Чем дальше на север движется поезд, тем хуже последствия бури. Чем плотнее лес, тем очевиднее разрушения. На одной из станций, название которой все забыли еще до того, как состав прокатился мимо указателя, в поезд забирается старичок. Никто не обращает на него никакого внимания кроме восемнадцатилетней девушки, сидящей напротив, которая вежливо встает и помогает ему поднять чемодан на полку для багажа еще до того, как он ее об этом просит.
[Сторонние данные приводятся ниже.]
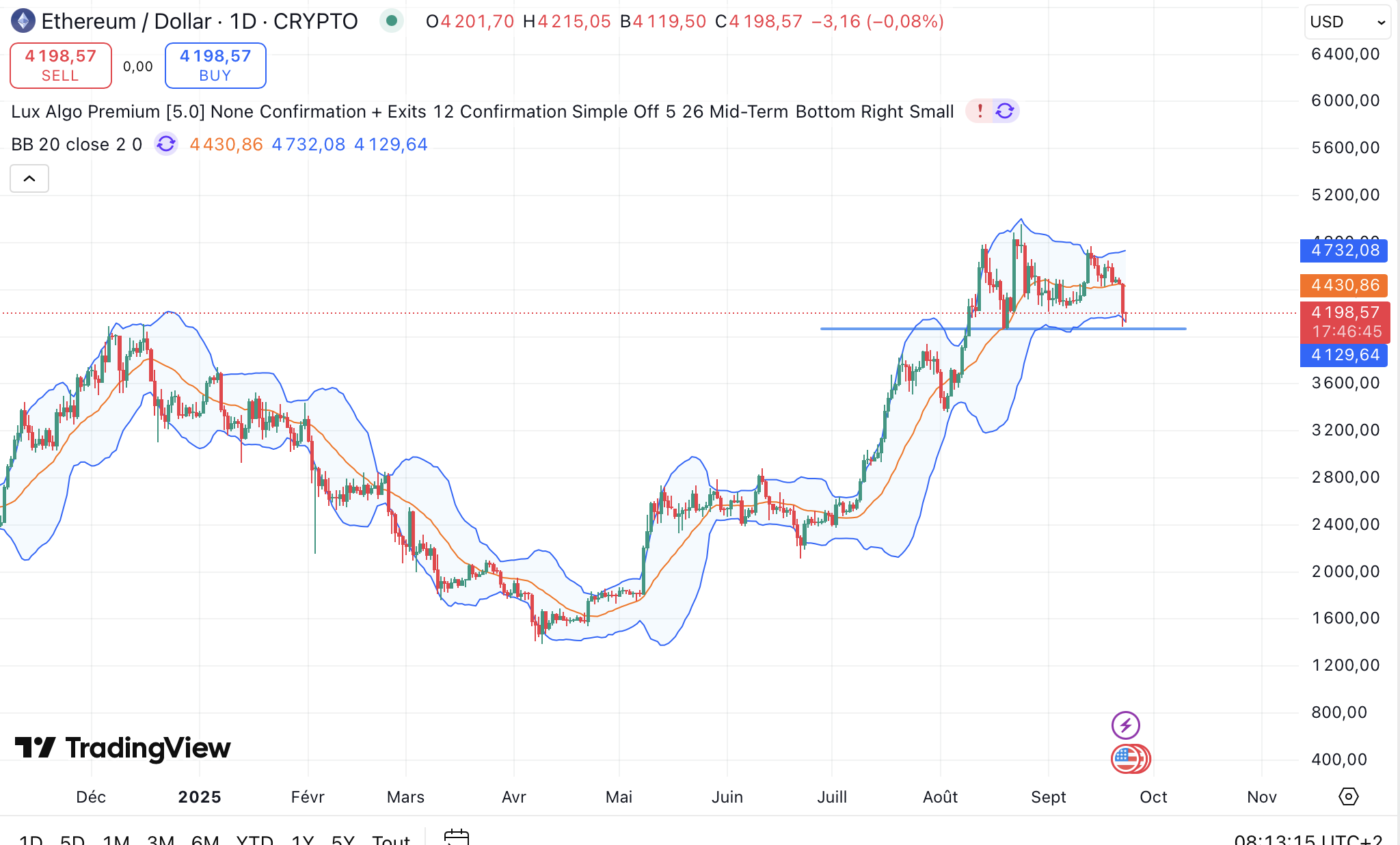 Niveaux : BTC 112 k$, 108–109 k$, 100 k$ ; ETH ~4 000 $ puis 3 60x–3 58x $ ; reprise > 4,4–4,5 k$.

– Спасибо, юная леди, спасибо вам большое, правда, очень большое! – говорит он, словно герой черно-белого фильма.
Из-за улыбки она выглядит моложе, чем является на самом деле. То, что он использует зонт вместо трости, наоборот, еще больше его старит.
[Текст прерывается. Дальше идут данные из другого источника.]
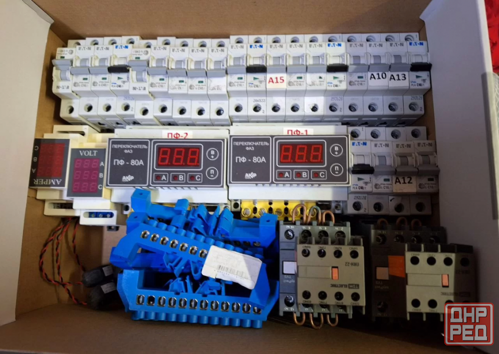 автоматы 23 штуки, трехфазные переключатели фаз 2 штуки по 80 ампер каждый, один вольтметр, 1 амперметр тоже трехфазные, 2 пускателя шнайдер на 32 ампера, и клемники. продаю все за 10 000 рублей.

– Скажете, когда будете выходить и я помогу вам снять чемодан, – отвечает Мая, доброжелательно улыбаясь.
– Спасибо, это очень мило с вашей стороны. Поезд, вероятно, не пойдет до конечной станции из-за бури, потому, вероятнее всего, мне придется сойти на той же станции, что и вам, и пересесть на автобус…
Мая напрягается, он видит, что напугал ее, и кивает на ее шерстяную шапку, объясняя:
– Медведь из Бьорнстада, я узнал эмблему. Я полагаю, туда вы и направляетесь?
Мая поспешно выдыхает, смущенная из-за своей паранойи.
– Да, да, конечно… это папина. Я ее обычно не ношу. Подумала, стоит надеть сегодня, раз уж еду… домой. Здесь холоднее.
На ее лице возникает смущенная улыбка. Мужчина понимающе кивает.
– Люди становятся настолько патриотичнее, насколько далеко от родины они уезжают.
Она проводит ладонью по шапке.
– Да, полагаю, так оно и есть. Я просто не думала, что ко мне это тоже относится.
Много лет назад ее мама сказала, что никогда не стоит доверять человеку, у которого нет в жизни чего-то, что он любит сверх всякой меры. К ней это тоже относится все больше и больше.
Старик наклоняется вперед и шепчет, словно это великая тайна:
– Я еду проведать свою дочь, она живет в Хеде, но не используйте это против меня.
Мая громко смеется.
– Боже, вот по ЭТОМУ я точно не скучаю, когда уезжаю из дома, нисколько. Эта идея, что мы должны ненавидеть Хед, а Хед должен ненавидеть нас. Так чертовски нелепо.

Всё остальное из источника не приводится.